» **TASK DETAILS**: Set down, exactly and only, everything from the line containing "天猫足力健女鞋正品妈妈加绒雪地靴冬季厚底防滑加厚保暖棉鞋短筒靴子" down to the line containing "Size: Sheathed knife" in the data below; the pictures are not part of the copy.

» **MATERIAL FOR THIS TASK**:
-------

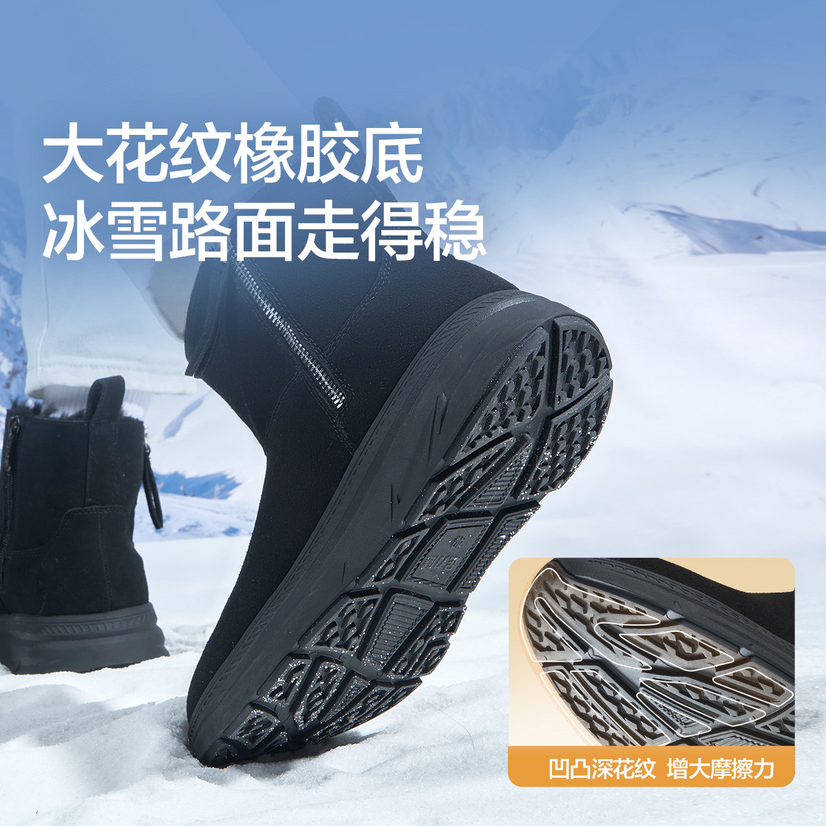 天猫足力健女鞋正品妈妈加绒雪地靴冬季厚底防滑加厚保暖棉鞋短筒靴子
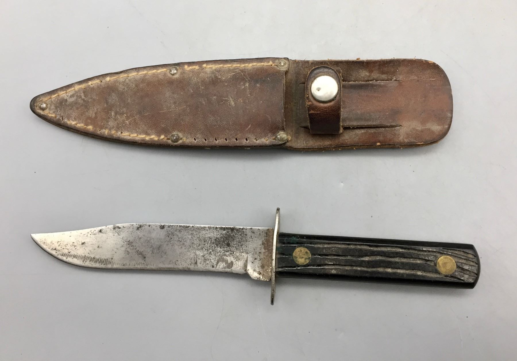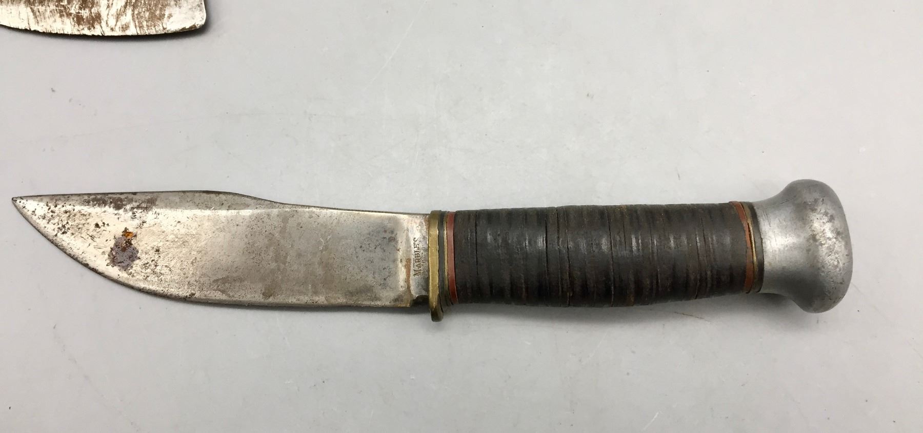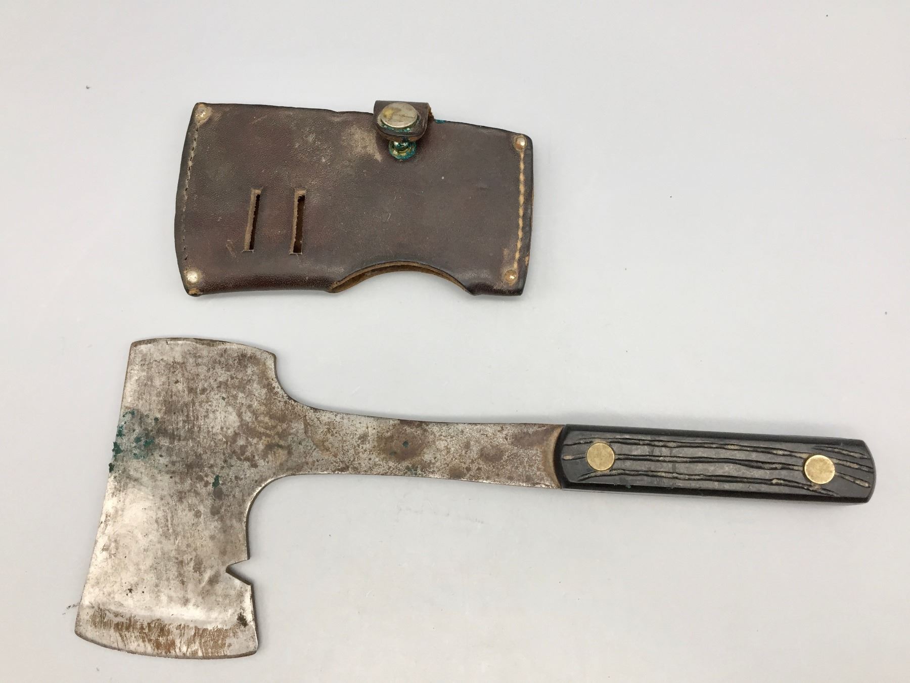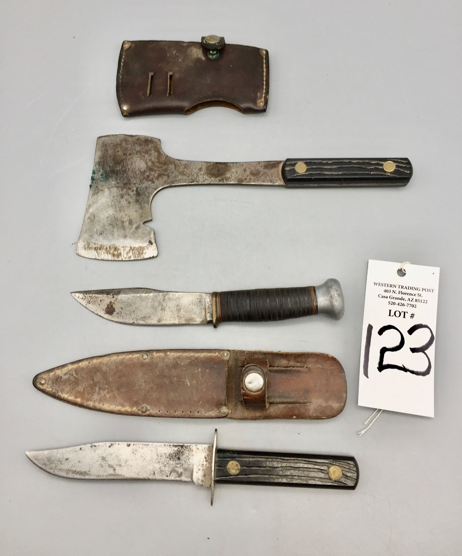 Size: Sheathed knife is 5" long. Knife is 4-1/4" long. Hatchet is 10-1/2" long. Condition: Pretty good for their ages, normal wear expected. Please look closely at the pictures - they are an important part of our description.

-------

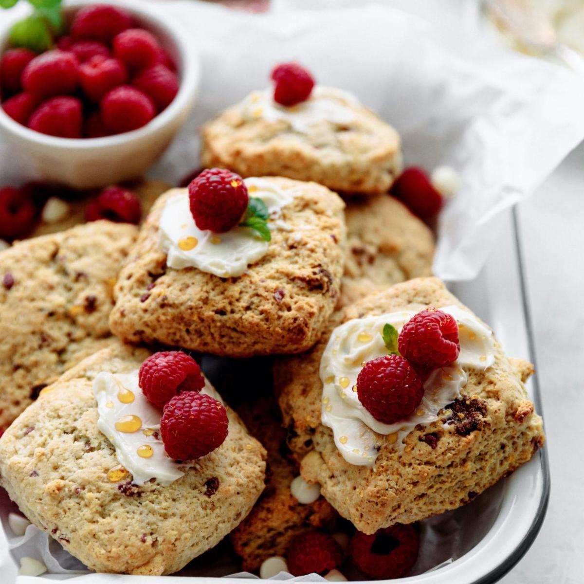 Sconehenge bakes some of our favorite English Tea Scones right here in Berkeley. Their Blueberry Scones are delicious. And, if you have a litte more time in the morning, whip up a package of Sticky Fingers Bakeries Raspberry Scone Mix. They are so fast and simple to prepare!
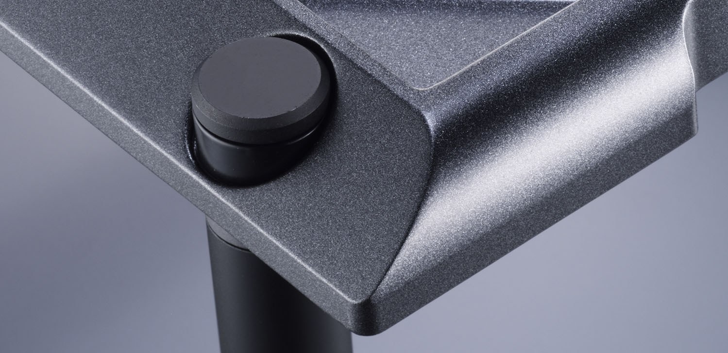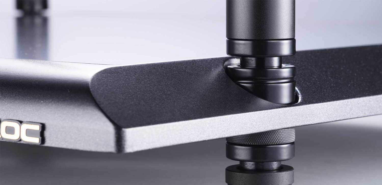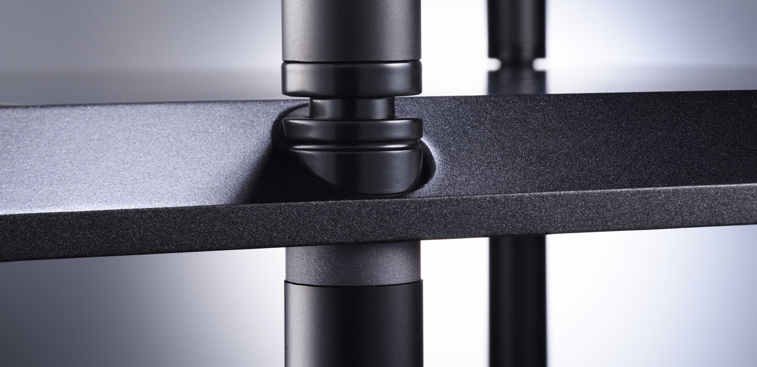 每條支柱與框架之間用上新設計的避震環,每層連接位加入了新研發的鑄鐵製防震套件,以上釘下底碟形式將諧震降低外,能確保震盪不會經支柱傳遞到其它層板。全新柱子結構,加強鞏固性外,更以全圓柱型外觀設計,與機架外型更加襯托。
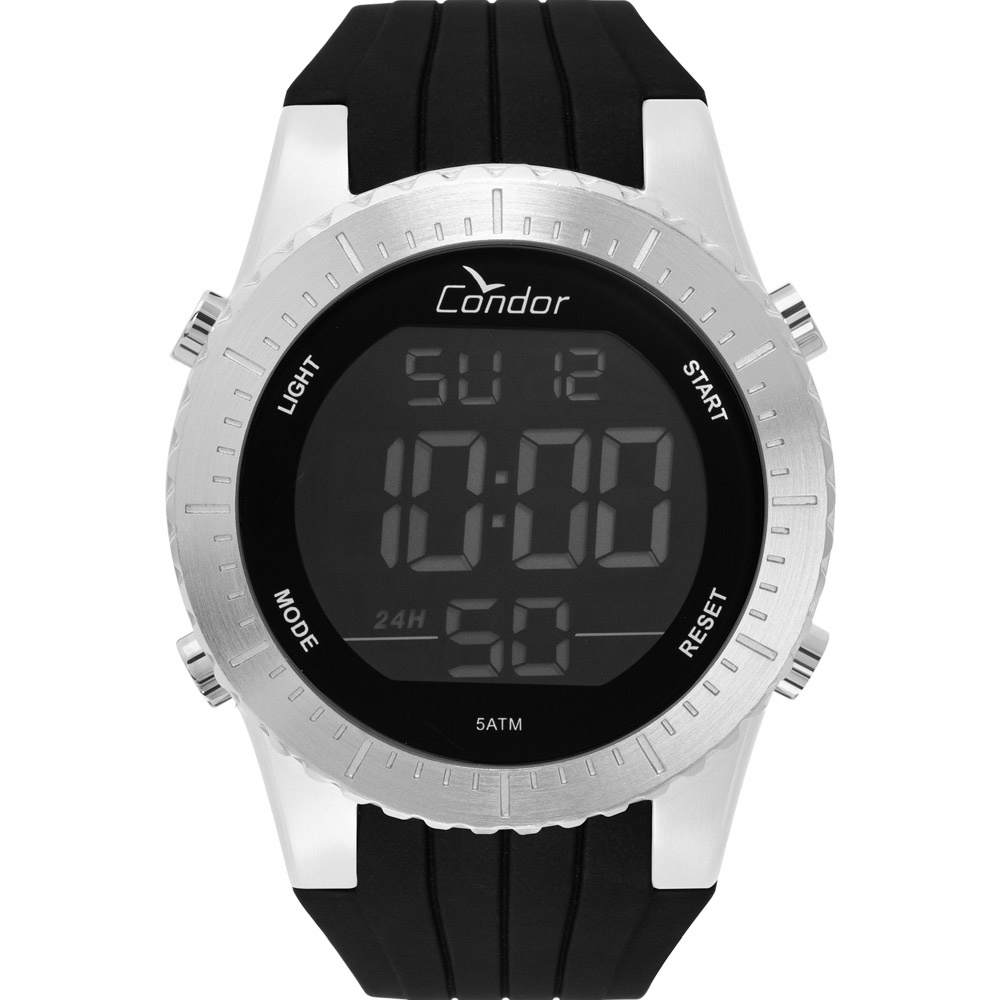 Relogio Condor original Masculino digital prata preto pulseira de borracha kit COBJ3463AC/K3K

-------

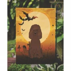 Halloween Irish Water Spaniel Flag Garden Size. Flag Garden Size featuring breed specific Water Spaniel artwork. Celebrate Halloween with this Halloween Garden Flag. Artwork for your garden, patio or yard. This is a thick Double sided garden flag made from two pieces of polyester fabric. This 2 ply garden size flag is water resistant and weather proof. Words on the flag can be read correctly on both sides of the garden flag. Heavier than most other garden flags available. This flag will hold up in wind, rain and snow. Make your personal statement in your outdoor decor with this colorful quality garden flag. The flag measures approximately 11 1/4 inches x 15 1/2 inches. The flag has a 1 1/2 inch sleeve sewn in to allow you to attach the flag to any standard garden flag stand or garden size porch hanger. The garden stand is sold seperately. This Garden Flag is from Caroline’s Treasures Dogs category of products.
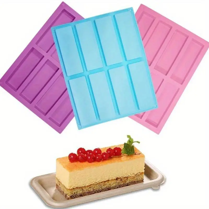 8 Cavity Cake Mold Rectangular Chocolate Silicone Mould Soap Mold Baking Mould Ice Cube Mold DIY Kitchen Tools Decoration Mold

-------

» **FINISHED TASK**:
 天猫足力健女鞋正品妈妈加绒雪地靴冬季厚底防滑加厚保暖棉鞋短筒靴子
 Size: Sheathed knife is 5" long. Knife is 4-1/4" long. Hatchet is 10-1/2" long. Condition: Pretty good for their ages, normal wear expected. Please look closely at the pictures - they are an important part of our description.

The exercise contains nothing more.